There is mounting evidence to demonstrate that rising antimicrobial resistance impedes clinical efforts at instituting appropriate empiric treatment [14]. We confirm the important role resistance plays in thwarting the ability to choose appropriately, whereby the risk of receiving IET in the setting of CRE rose 4-fold compared to CSE. In turn, though modest, IET’s adverse impact on hospital mortality is consistent with what has been reported in other infections [1-13]. The more pronounced impact of IET on hospital LOS (~5 excess days) and costs (~additional $10,000) is a novel finding for infections with CRE, and provides a sound rationale for investing in technologies that identify patients at risk for CRE more rapidly, particularly given that this is approximately double the attributable burden reported in infections caused by other resistant organisms [41]. Moreover, having a precise estimate of the attributable costs of these infections helps put into perspective the potential value of various prevention and treatment paradigms.
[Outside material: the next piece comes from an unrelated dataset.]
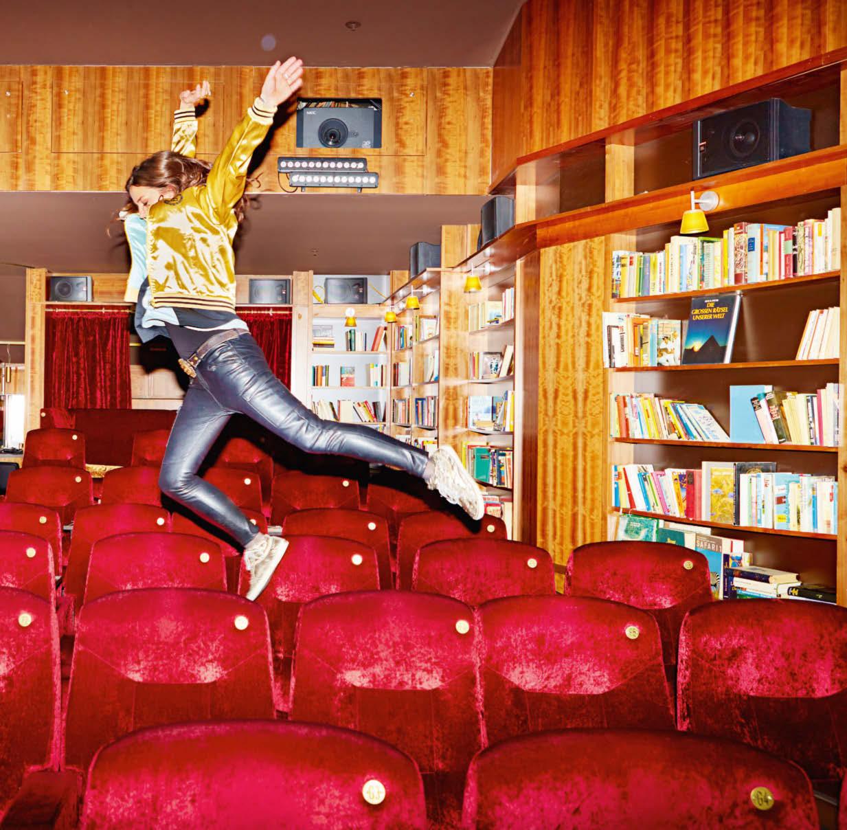 „Ich liebe es, wenn ein Bild Widersprüche vereint. Wie hier: Einerseits ist dieser Raum ein Kino – aber irgendwie auch eine Bibliothek. Eigentlich hatte ich Regisseurin Katja von Garnier, die unter anderem den Film ‚Ostwind‘ inszenierte, nur gebeten, sich auf einen Stuhl zu stellen. Der Vorschlag zu springen kam dann von ihr. Danke an dieser Stelle!“

It is methodologically challenging to estimate the attributable impact of carbapenem resistance on cost and LOS in nosocomial CRE infections since those outcomes are confounded by the cause of the initial hospitalization. Therefore, our findings help clarify this issue.
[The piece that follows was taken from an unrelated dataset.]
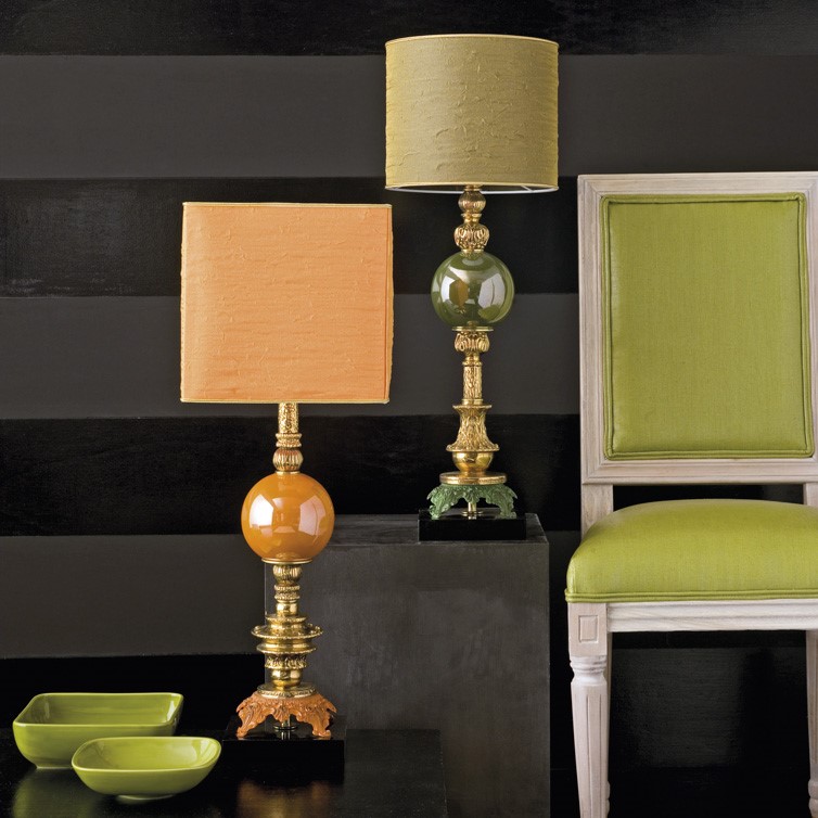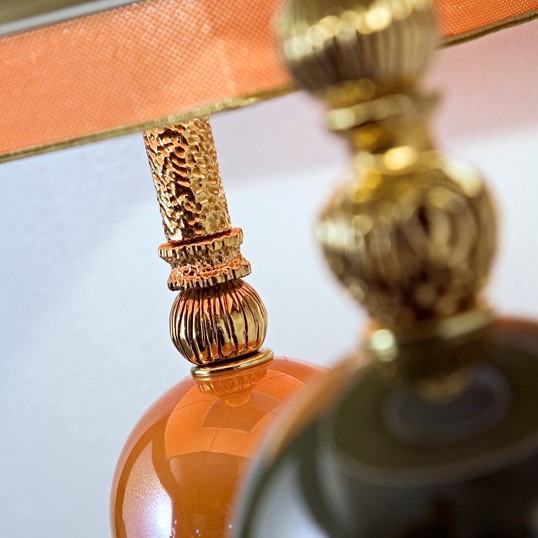 Lamp in gold plated, hand engraved and decorated majolica. Coloured bronze details. Glossy-black lacquered wooden base. Double gold “lux” silk over coloured silk lampshade.

Our study has a number of strengths and limitations. The limitations that are common to both the current and previous studies are discussed in citation #22. Specific to the current analysis, a potential source of misclassification is a relatively high prevalence of Proteus mirabilis as a pathogen, as this microbe may have naturally occurring higher MICs for imipenem (Table 1) [42, 43]. Since susceptibility data in Premier are reported not by the MIC, but by susceptibility designation (S, I, R, see above in Methods), for the purpose of this analysis we had to presume that clinical adjudication occurred at each individual institution. However, this type of misclassification, if present, is likely to lead to an underestimate of the impact of CRE on outcomes, thus suggesting that in fact, CRE, when determined without this potential misclassification, may have an even greater effect on the risk of IET exposure.

Conclusions

In summary, CRE is an uncommon but important pathogen in community-onset UTI, pneumonia and sepsis. We confirm that, similar to other resistant organisms, it evades appropriate empiric treatment and exposure to IET worsens both clinical and economic outcomes. Although the true extent of the problem requires further study, our data confirm that a substantial proportion of CRE may be acquired in the community irrespective of exposure to the healthcare system. In sum, our study provides compelling evidence to hasten development of rapid identification methods and new antibiotic treatments in order to optimize empiric therapy among hospitalized patients with serious infections.